- RECORDED DATA
[Start of section]

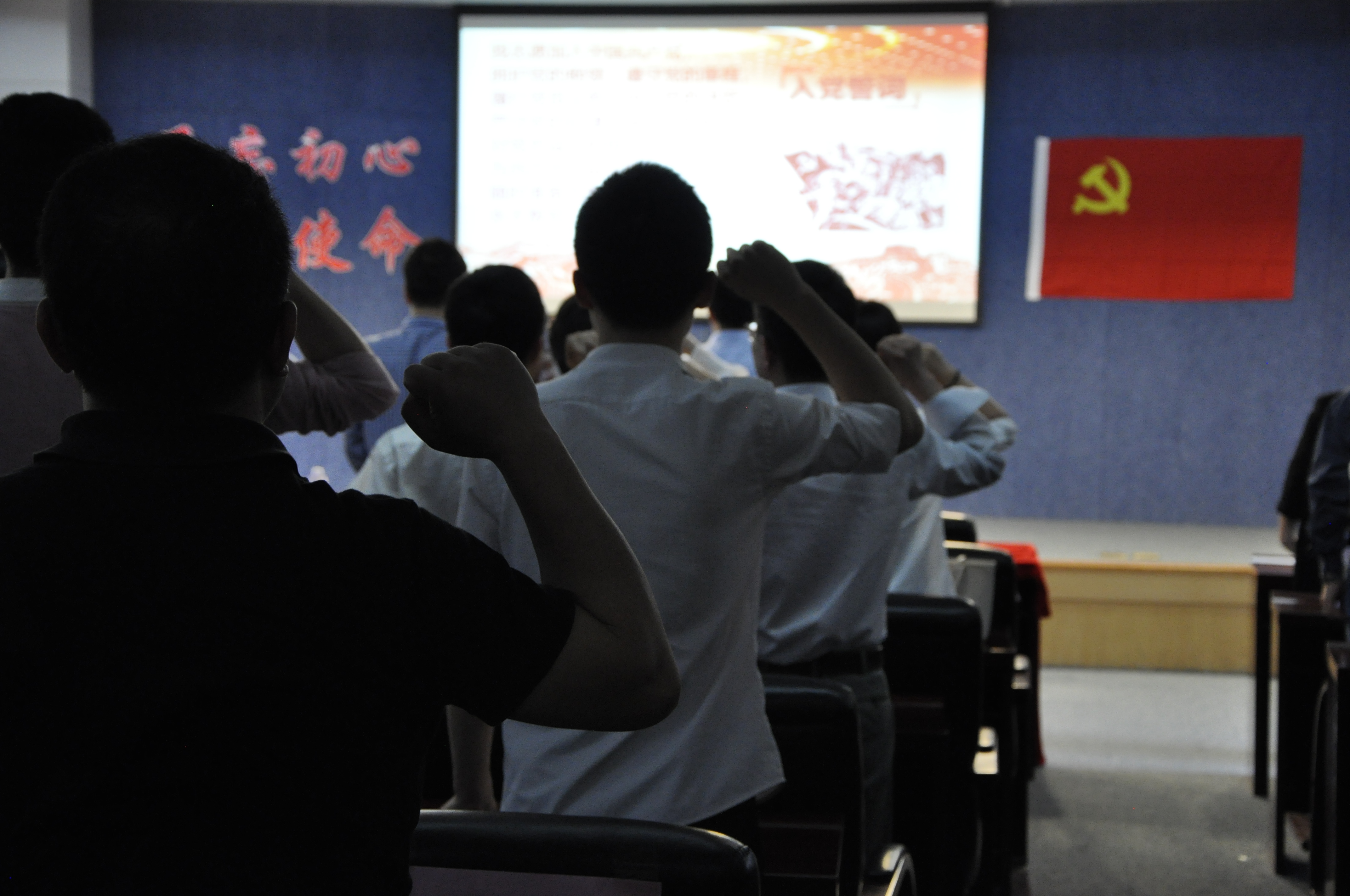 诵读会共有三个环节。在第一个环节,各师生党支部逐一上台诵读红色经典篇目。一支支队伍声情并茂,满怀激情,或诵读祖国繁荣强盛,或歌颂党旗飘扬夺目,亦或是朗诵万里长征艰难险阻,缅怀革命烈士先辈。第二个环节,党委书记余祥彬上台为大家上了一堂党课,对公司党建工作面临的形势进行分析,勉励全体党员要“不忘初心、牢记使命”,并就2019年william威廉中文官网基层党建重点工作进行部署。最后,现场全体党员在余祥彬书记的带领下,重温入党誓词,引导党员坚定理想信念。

[End of section]
[Start of section]

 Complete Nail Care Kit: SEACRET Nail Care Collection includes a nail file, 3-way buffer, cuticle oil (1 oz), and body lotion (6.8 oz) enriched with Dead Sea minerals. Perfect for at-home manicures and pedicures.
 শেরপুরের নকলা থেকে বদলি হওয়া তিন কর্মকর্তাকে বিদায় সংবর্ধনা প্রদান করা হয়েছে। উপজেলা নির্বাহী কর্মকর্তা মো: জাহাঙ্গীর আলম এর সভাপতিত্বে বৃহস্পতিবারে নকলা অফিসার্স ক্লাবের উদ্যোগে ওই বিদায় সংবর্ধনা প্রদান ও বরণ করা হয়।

[End of section]
[Start of section]

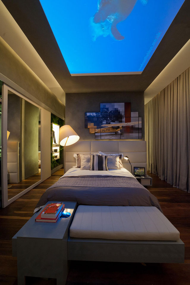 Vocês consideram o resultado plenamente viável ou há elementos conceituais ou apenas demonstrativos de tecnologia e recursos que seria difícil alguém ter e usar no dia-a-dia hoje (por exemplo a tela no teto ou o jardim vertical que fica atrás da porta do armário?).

[End of section]

- PROMPT
The response should be the listing above, limited to the lines between the one holding "Complete Nail Care" and the one holding "শেরপুরের নকলা থেকে", inclusive, reproduced exactly.

- RESULT
 Complete Nail Care Kit: SEACRET Nail Care Collection includes a nail file, 3-way buffer, cuticle oil (1 oz), and body lotion (6.8 oz) enriched with Dead Sea minerals. Perfect for at-home manicures and pedicures.
 শেরপুরের নকলা থেকে বদলি হওয়া তিন কর্মকর্তাকে বিদায় সংবর্ধনা প্রদান করা হয়েছে। উপজেলা নির্বাহী কর্মকর্তা মো: জাহাঙ্গীর আলম এর সভাপতিত্বে বৃহস্পতিবারে নকলা অফিসার্স ক্লাবের উদ্যোগে ওই বিদায় সংবর্ধনা প্রদান ও বরণ করা হয়।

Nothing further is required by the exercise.